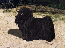 ПУЛИ (Puli, Hungarian Puli, Hungarian Water Dog), порода служебных собак. Другое название — венгерская водяная собака. Предполагают, что этой породе более тысячи лет, но известна она со средних веков. Возможно, в Венгрию она попала из Азии с мадьярскими кочевниками. Внешностью пули напоминает комондора, только гораздо меньшего размера. Главный признак пули — уникальная длинная шерсть, сбившаяся в шнуры, свисающие до земли. Темный цвет собак позволяет легко отличить их в стаде овец. У пули своеобразная пастушья тактика: она ведет стадо, прыгая овцам на спины или перепрыгивая через животных. Пули наиболее известна среди других венгерских пастушьих собак. Высота в холке 35-48, вес 9-18 кг. Тип конституции крепкий сухой. Костяк легкий. Голова небольшая, сухая. Морда округлая. Уши небольшие, висящие на хрящах, под длинной шерстью незаметны. Грудь широкая. Спина крепкая, прямая. Поясница немного выпуклая. Живот подобран. Хвост длинный, закинут на спину. Шерсть длинная, жесткая, в завитках, с мягким подшерстком, сбивается в шнуры сама по себе. Окрас: черный, ржаво-черный, черный с сединой, серый, различных оттенков. Подвижная, уравновешенная, смышленая собака. Хорошо справляется со своими пастушьими обязанностями, а также надежный сторож. Легко дрессируется. Признает одного хозяина. Шерсть необходимо держать в чистоте и тщательно перебирать шнуры вручную.
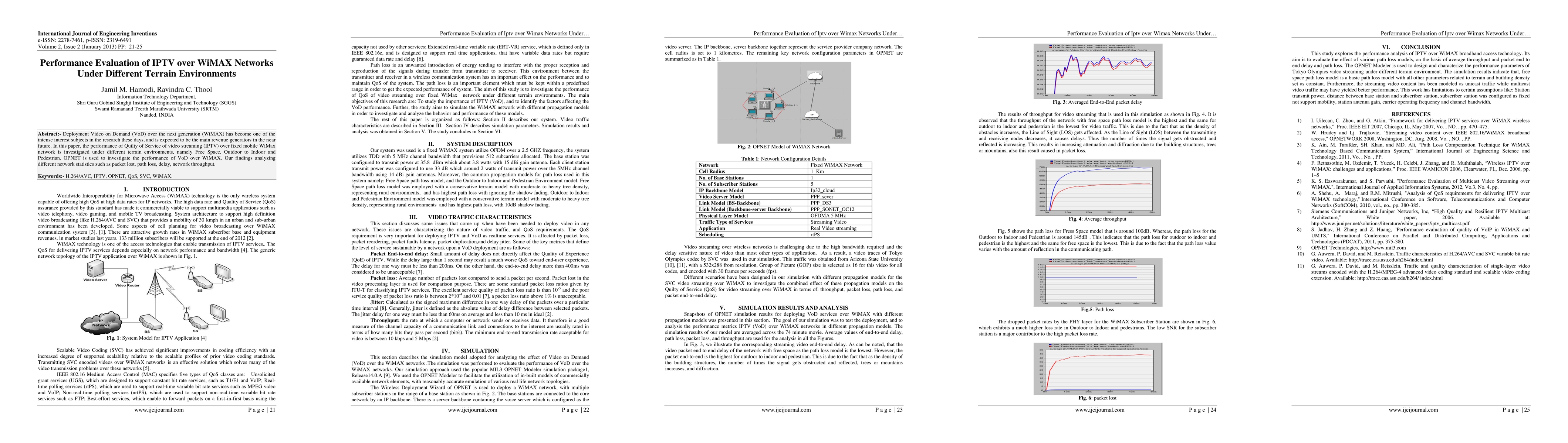 This paper evaluates the performance of IPTV over WiMAX networks under various terrain environments using OPNET simulations. Key metrics such as packet loss, path loss, delay, and network throughput are analyzed to assess the Quality of Service (QoS) for Video on Demand (VoD) services.
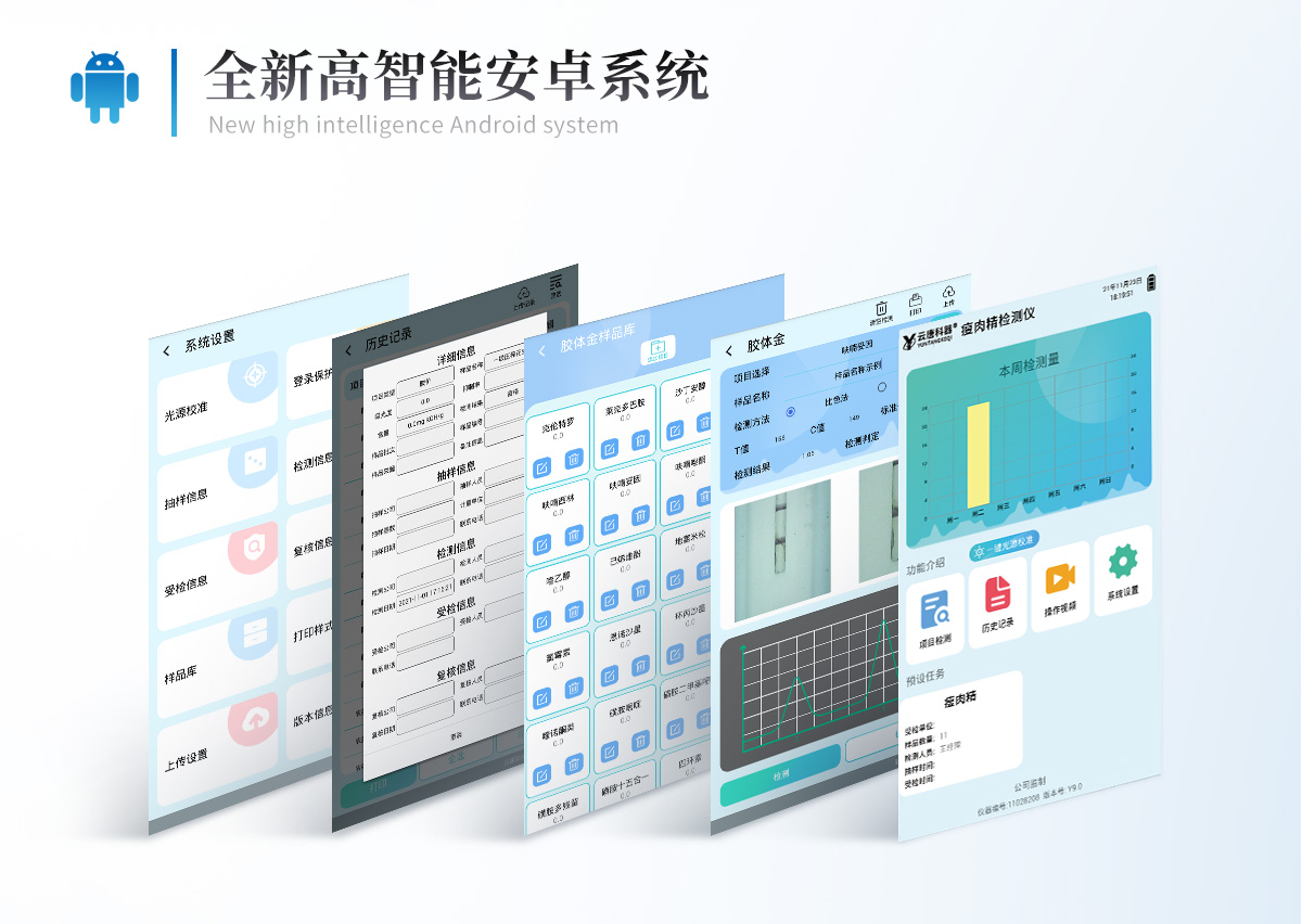 1、儀器采用10.1英寸液晶觸摸屏顯,搭配運行安卓智能操作系統(tǒng),主控芯片采用ARM Cortex-A7,RK3288/4核處理器,主頻1.88Ghz,運轉速度更快速,性能更強。
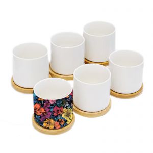 CALCA 6OZ Sublimation Flowerpot 6PCS Garden Plant Ceramic Blank Sublimation Flower Pot With Bamboo Tray Base

====================

• Required work
An exact restatement is expected of the lines from the line containing "1、儀器采用10.1英寸液晶" to the end of the data above, pictures excluded.

• Written response
 1、儀器采用10.1英寸液晶觸摸屏顯,搭配運行安卓智能操作系統(tǒng),主控芯片采用ARM Cortex-A7,RK3288/4核處理器,主頻1.88Ghz,運轉速度更快速,性能更強。
 CALCA 6OZ Sublimation Flowerpot 6PCS Garden Plant Ceramic Blank Sublimation Flower Pot With Bamboo Tray Base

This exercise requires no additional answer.